What needs to be done:
Everything from the line containing "LOFT Red Sheer" through the last line of the listing below should be returned exactly, except for pictures.

Data to process:

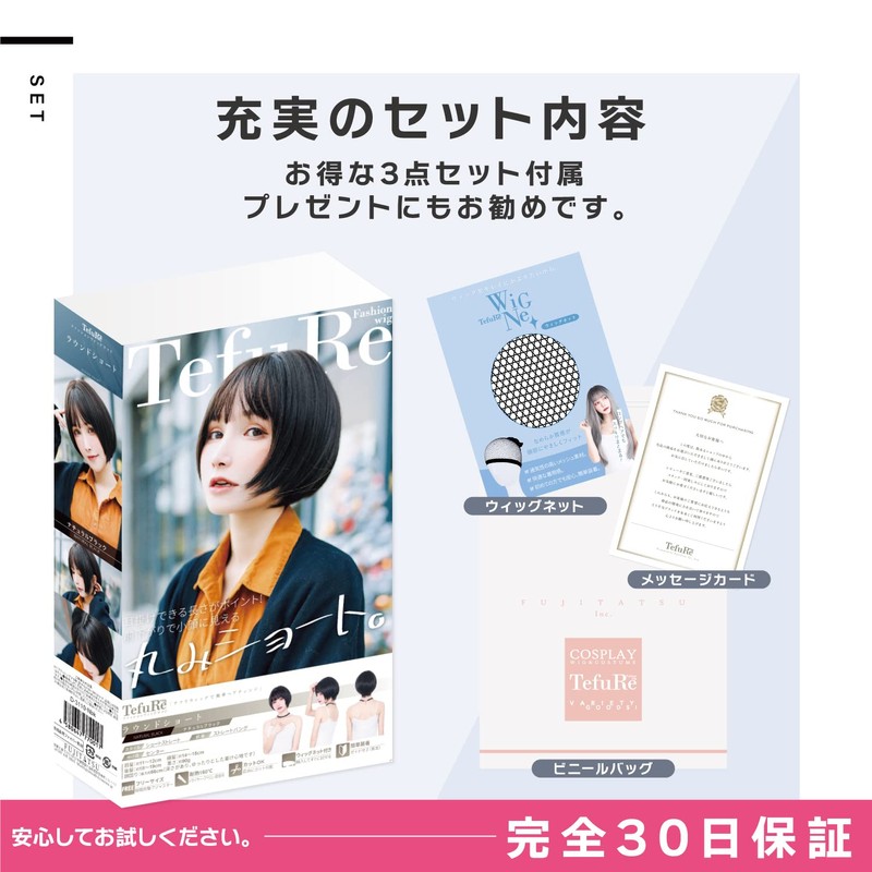 • "TefuRe? Tefure wig is a fashion wig brand for everyday use. You can easily change your hair to a new hairstyle or hair color. Recommended for when you feel different or want to have a little adventure. It also comes with a wig net and guide book, so even if you have not experienced the wig, you can enjoy it with confidence. Comes with a stylish clear box that makes it perfect as a gift. As part of your fashion coordination, enjoy a new hairstyle with Tefure Wig
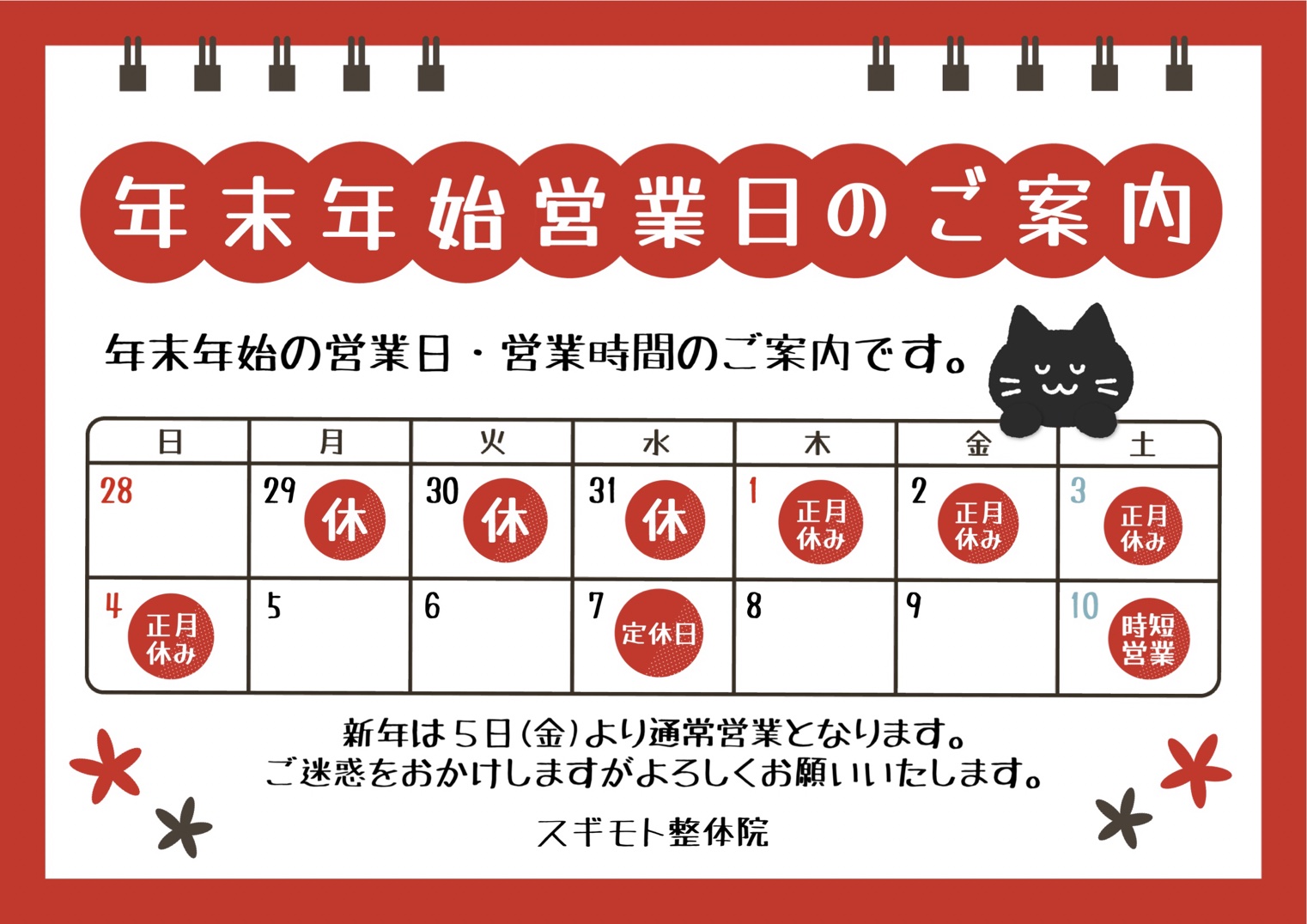 2025年 年末年始のお知らせ 公開日:2025年12月22日 お知らせ未分類 いつもありがとうございます。 年末年始のお知らせです。 当院の年内営業は27日(土)午前までとなります。 最終日はすでにご予約の方で枠が埋まっております 。 年明けは5日(月)からスタートです。 7日(水)は、研修日となっておりお休みをいただきます。 ご注意ください。 事故やお怪我、風邪などの感染症に十分お気をつけ頂き、楽しい年末年始をお過ごしください。 スギモト整体院スタッフ一同 関連記事 2020年末休暇のお知らせファスティングって何?島田市で美容鍼★減量に成功!R2.5月のお知らせコアレ☆患者様の声☆ 投稿ナビゲーション 減量に成功!
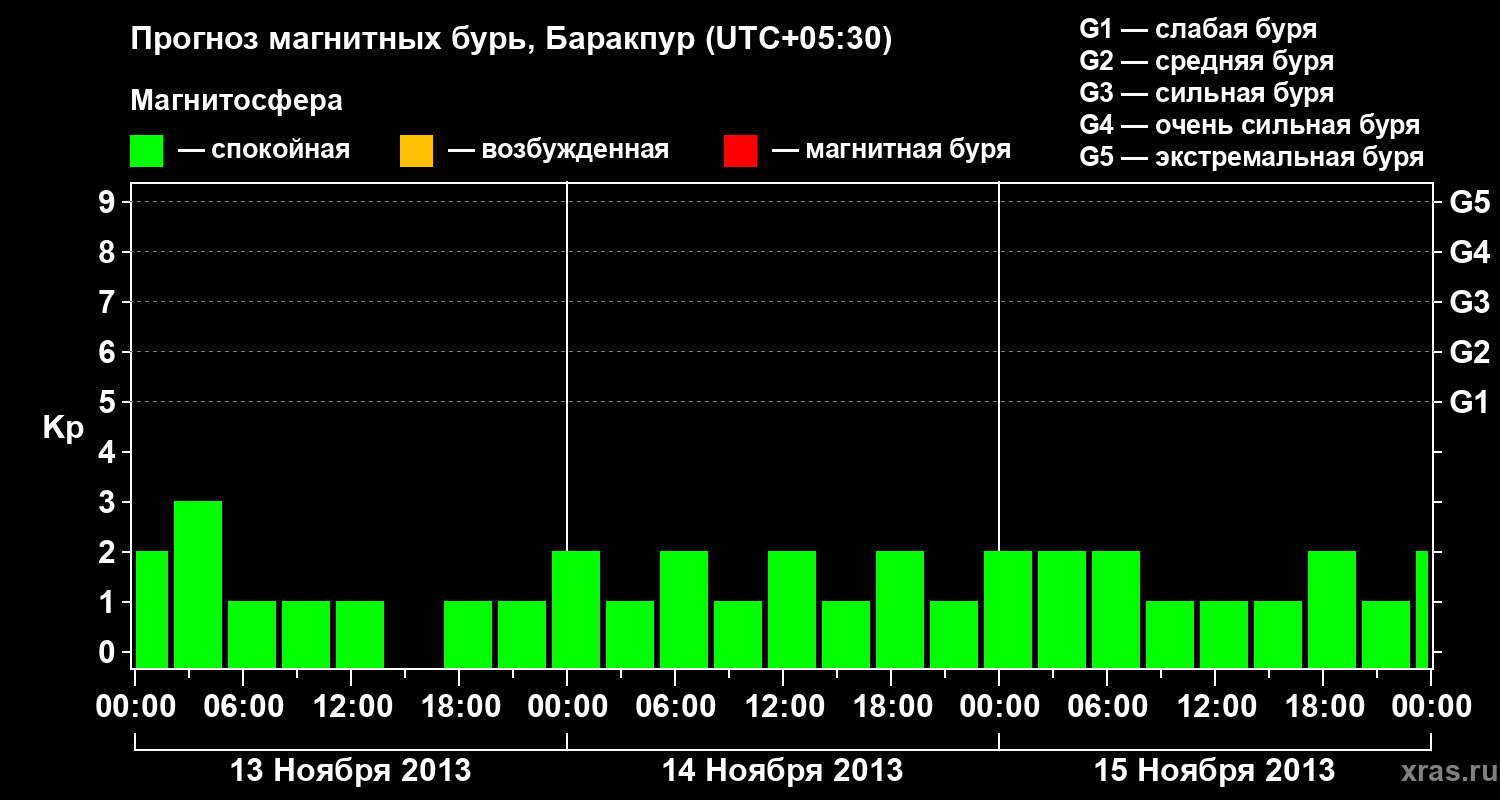 Прогноз магнитных бурь в Баракпуре — 13 ноября 2013 года
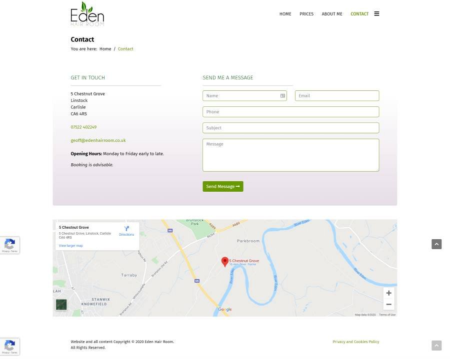 Taking on board ideas from the client and a range of photos from themselves and their product supplier, we created a clear and minimalist website design to showcase their personal hair salon in Carlisle, matching well with existing paperwork used by the business.
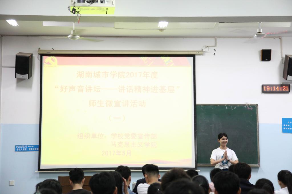 (本网讯)为响应中共湖南省委宣传部、中共湖南省委教育工委关于开展2017年度“好声音讲坛——讲话精神进基层”师生微宣讲系列活动的要求,推动taptap点点广大师生学习贯彻习近平总书记系列重要讲话精神,5月11日晚,taptap点点“好声音讲坛——讲话精神进基层”师生微宣讲系列活动在第三教学楼顺利举行。
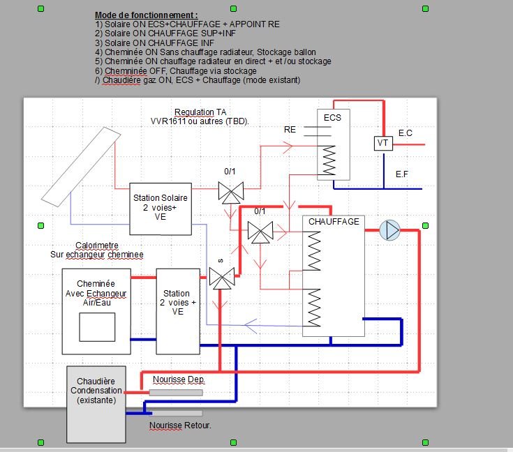 Voila le schéma préliminaire. C'est un schéma fonctionnel, il n'y a pas d'antiretour vannes d'arret, capteur de temperatures ...
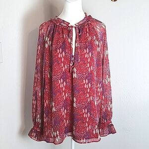 LOFT Red Sheer Blouse, Blue & White Print, Ruffled Collar & Cuffs, Size XL
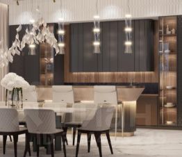 Кухня-столовая: Современная кухня, оборудованная по последнему слову техники, и просторная столовая, где можно наслаждаться семейными ужинами.
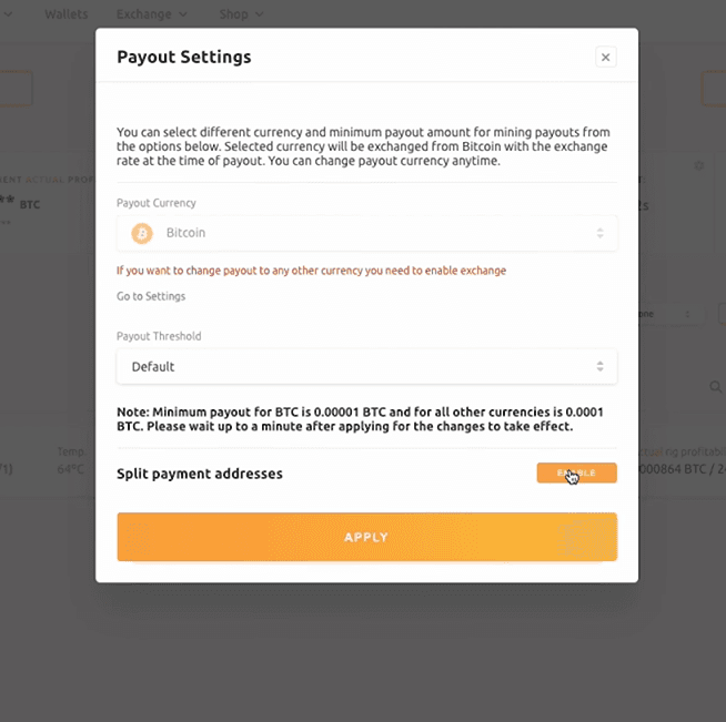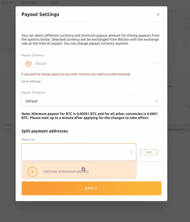 Navigate to Rig Manager and click on click on the Gears icon next to NEXT PAYOUT. (you’ll need to have some funds available already for a payout)

Expected answer:
 LOFT Red Sheer Blouse, Blue & White Print, Ruffled Collar & Cuffs, Size XL
 Кухня-столовая: Современная кухня, оборудованная по последнему слову техники, и просторная столовая, где можно наслаждаться семейными ужинами.
 Navigate to Rig Manager and click on click on the Gears icon next to NEXT PAYOUT. (you’ll need to have some funds available already for a payout)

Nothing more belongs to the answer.